BRUSSELS, Mar 22 (Reuters) Microsoft Corp. said on Wednesday it is taking new voluntary actions to comply with European Commission sanctions, as it seeks to avoid fines of up to 2 million euros ($2.43 million) daily.
The Commission found two years ago that Microsoft used its dominant position with the Windows operating system to damage rival makers of server software used to run printers, password sign-ins and file access for small work groups.
The Commission said Microsoft never complied with sanctions designed to put competitive makers of work group servers on a level playing field and opened proceedings to fine the firm.
In its latest statement, the company said on Wednesday it would provide free, unlimited technical support to companies that license its protocols for work group servers.
''In addition to unlimited technical support, Microsoft is further augmenting the program by offering on-site assistance to licensees,'' the company said in a statement.
The European Commission said it had not been told about the offer so did not know any details, but that at first sight it seemed constructive.
''However, technical support is only helpful once the documentation has reached a certain quality standard .... he Commission's preliminary view is that the technical documentation still does not comply with the requirements of the decision,'' Commission spokesman Jonathan Todd said.
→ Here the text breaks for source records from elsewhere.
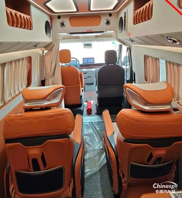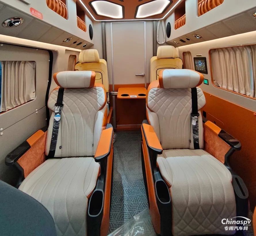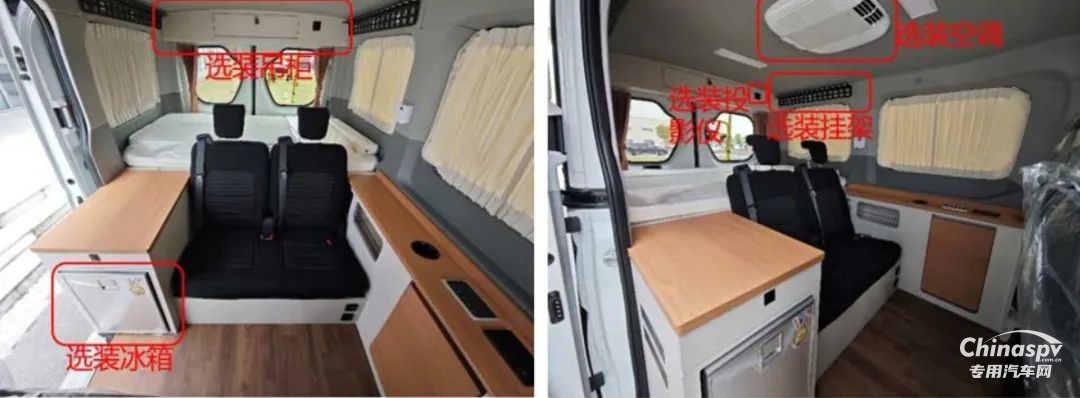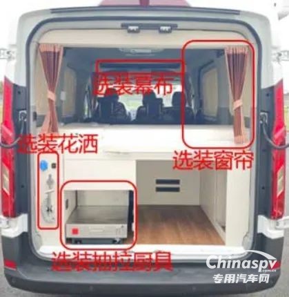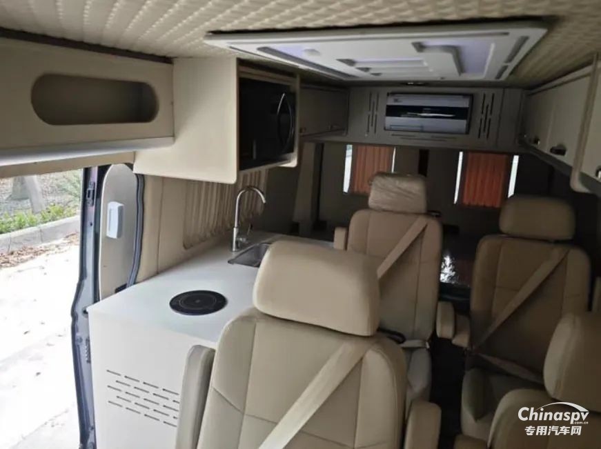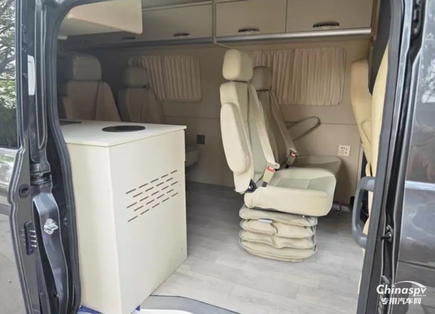 尾部則采用的是一張橫置床鋪,下方預(yù)留有儲物空間,個(gè)人猜測床板掀起后下方空間還可以作為簡單淋浴使用,除此以外也可以看到車內(nèi)加裝了吊柜、空調(diào)、內(nèi)飾軟包等設(shè)施。
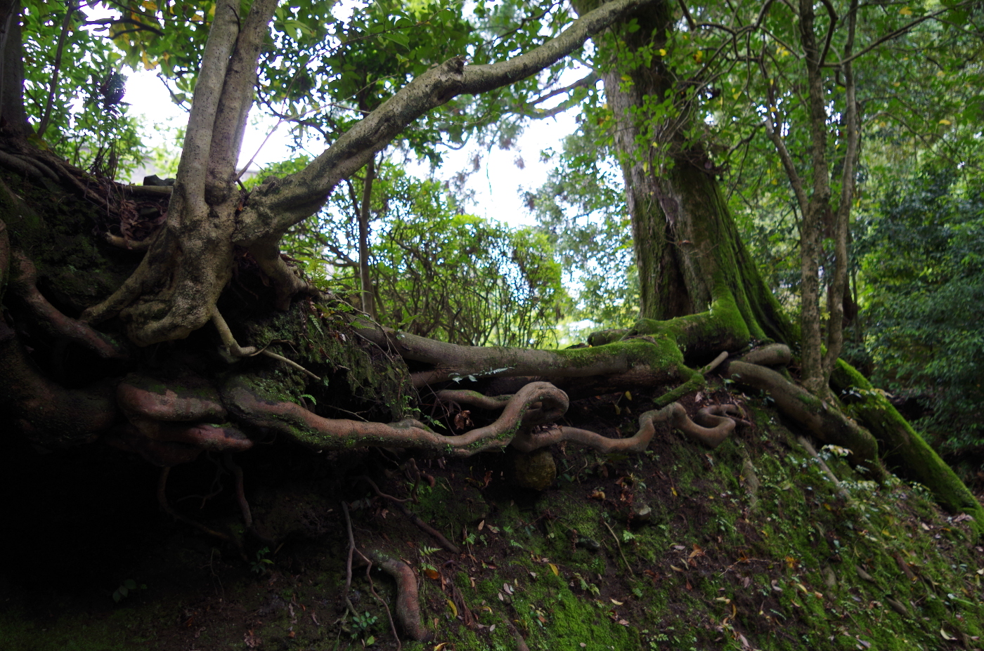 毎日の散歩で歩く三井寺の境内には大木も多くあり、森林浴をしている気分だ。木立の中からは小鳥たちの声が聞こえると、先日、テレビで鳥たちには言葉があり、コミュニュケーションをとりながら暮らしていると知り鳥語辞典があればとおもった。今日は金堂裏から参道に抜けると、斜面に露出している根っこの迫力に、思わず立ち止まった。根っこは隣の木と繋がっているようにも見え、不思議な造形に感心して、直ぐにデジカメで撮った。いつも仰ぎ見るばかりで地中の根には気が行かなかったと、反省しながら木の根の美さに見とれた。帰宅後、パソコンのお世話になると、大きな大木でも地中、三メートルぐらいだと知り驚いた。意外と根の浅いこと知った。そして台風らの強風で神社の大木が倒れている光景を思い出した。枝を張り、何十メートルと高さがある木が簡単に根ごと倒れている姿を思い出した。根っこは水や養分を吸い上げる一番、木にとっては大切な部分だとおもうと、これから先は地面を歩く時も注意をしなければと、また目を根に向けた。
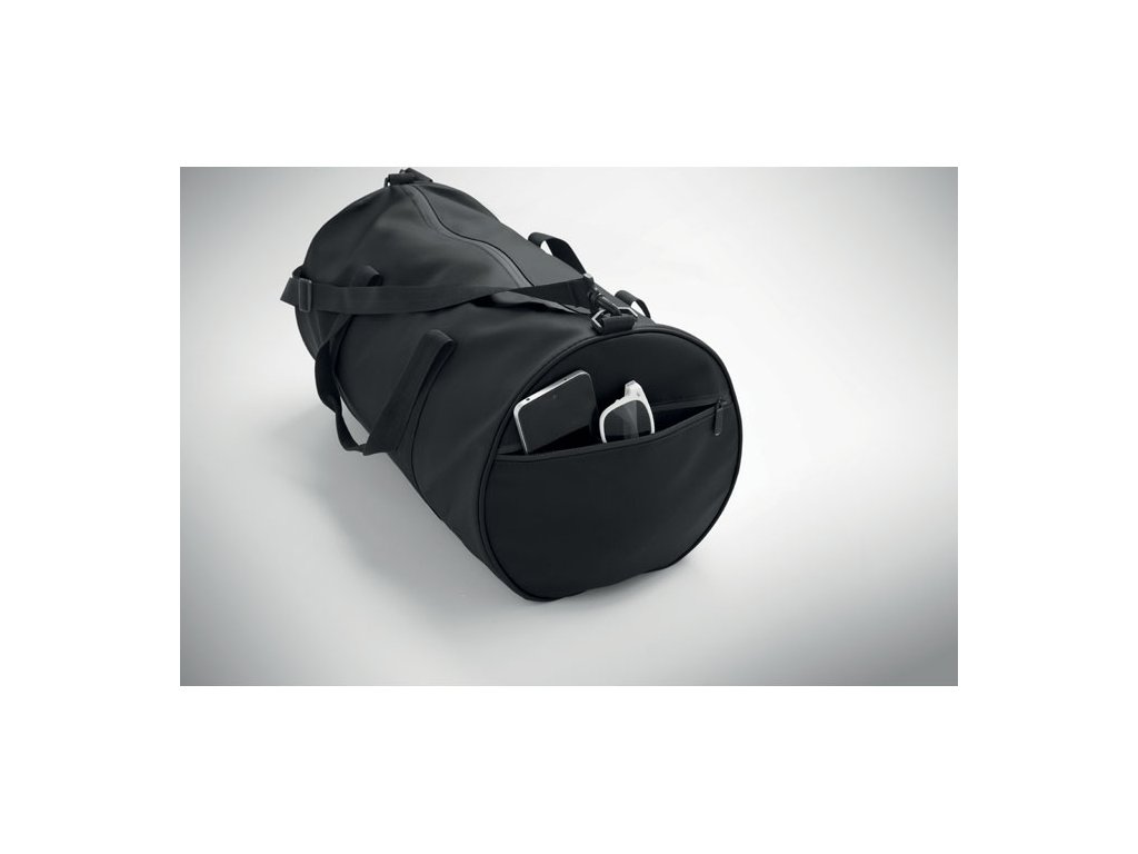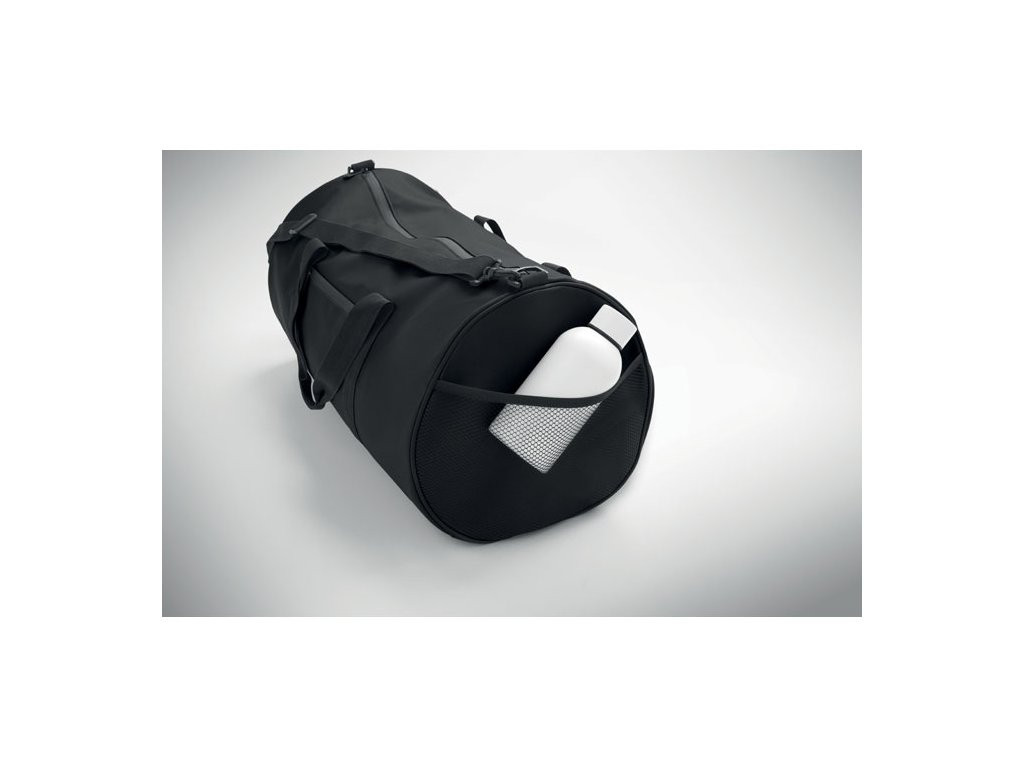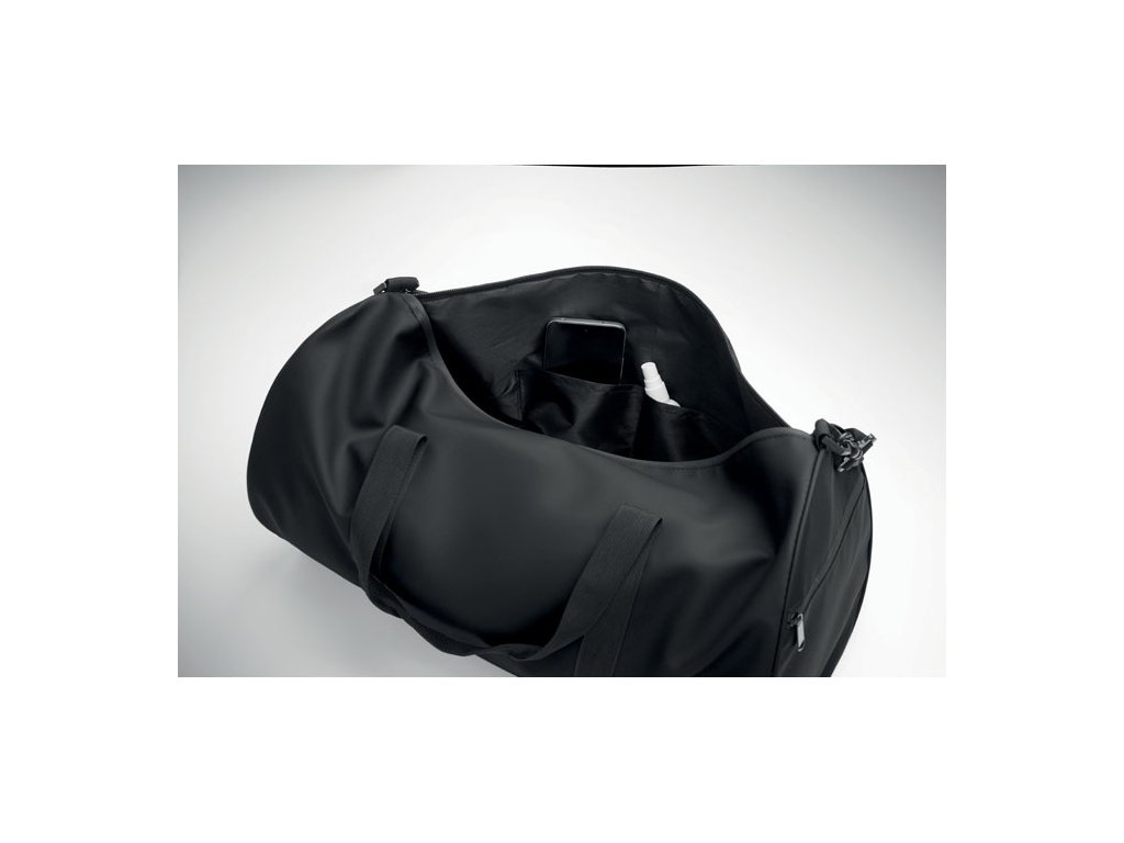 Cestovná taška z 600D RPET polyesteru s PU záterom. Predné vrecko na zips. Vnútorná podšívka z 210D RPET polyesteru. 1 bočné vrecko na zips / 1 bočné sieťované vrecko. Vnútorné vrecko na zips.
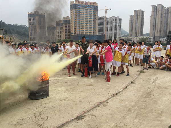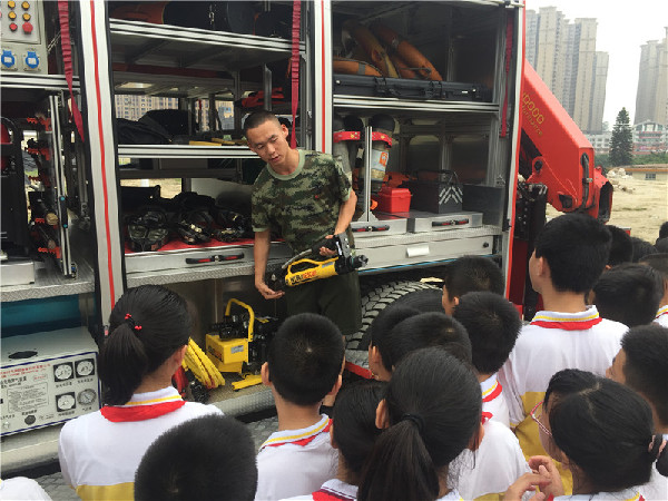 活动过程中,大队宣讲员采用理论结合实际的方法,从“防火”、“灭火”、“逃生”、“自救”等四个方面,用通俗易懂的语言向全体师生讲解如何预防校园火灾、如何查找火灾隐患、发生火灾时如何正确报警、火场如何逃生自救、日常生活中如何安全用火、用电、用气等基础消防知识。随后,消防官兵还实际演示了灭火器的使用方法和操作要领,手把手地向师生们传授如何使用灭火器材扑救初期火灾,边操作边讲解,还不时传授一些操作上的小窍门,使师生们更加直观地了解和掌握了基本的消防技能,现场气氛热烈,师生们都踊跃参与。期间,消防官兵还组织师生们参观了消防车辆器材装备,孩子们不时向消防官兵询问各式器材装备的性能与用途,并争相体验。

A Microsoft official said the company had also been working with a monitoring trustee appointed by the Commission and had developed a checklist to deal with problems in the documentation.
''We will leave no stone unturned to overcome the compliance impasse,'' said Hoaraci Gutierrez, a general counsel for Microsoft in Europe.
The Commission has said Microsoft must provide interconnections so competitors could get their server software to run as well as Microsoft's own with Windows desktop machines.
The Commission said the company failed to provide adequate documentation, so competitors were unable to use it.
The Commission fined Microsoft 497 million euros for its violations and was also ordered to offer a version of its Windows operating system without audio-visual software.
It also imposed the sanction on the interconnections. Microsoft's latest announcement is one of a series it has made about steps taken to comply with the Commission decision.
Earlier this year, Microsoft offered to open some of its source code -- the blueprint of its software -- for server software to licensees, although the Commission's expert in the matter said that was neither desirable nor helpful.
Before the Commission can act on a fine, Microsoft has a right to a closed administrative hearing. It has exercised that right and the hearing is set for Thursday and Friday next week.
Microsoft asked for the hearings to be open. But the Commission, citing its regulations, turned down the request.
A separate court hearing, which is open to the public, will be held on Microsoft's challenge to the underlying decision. That five-day hearing before the Court of First Instance in Luxembourg will begin on April 24.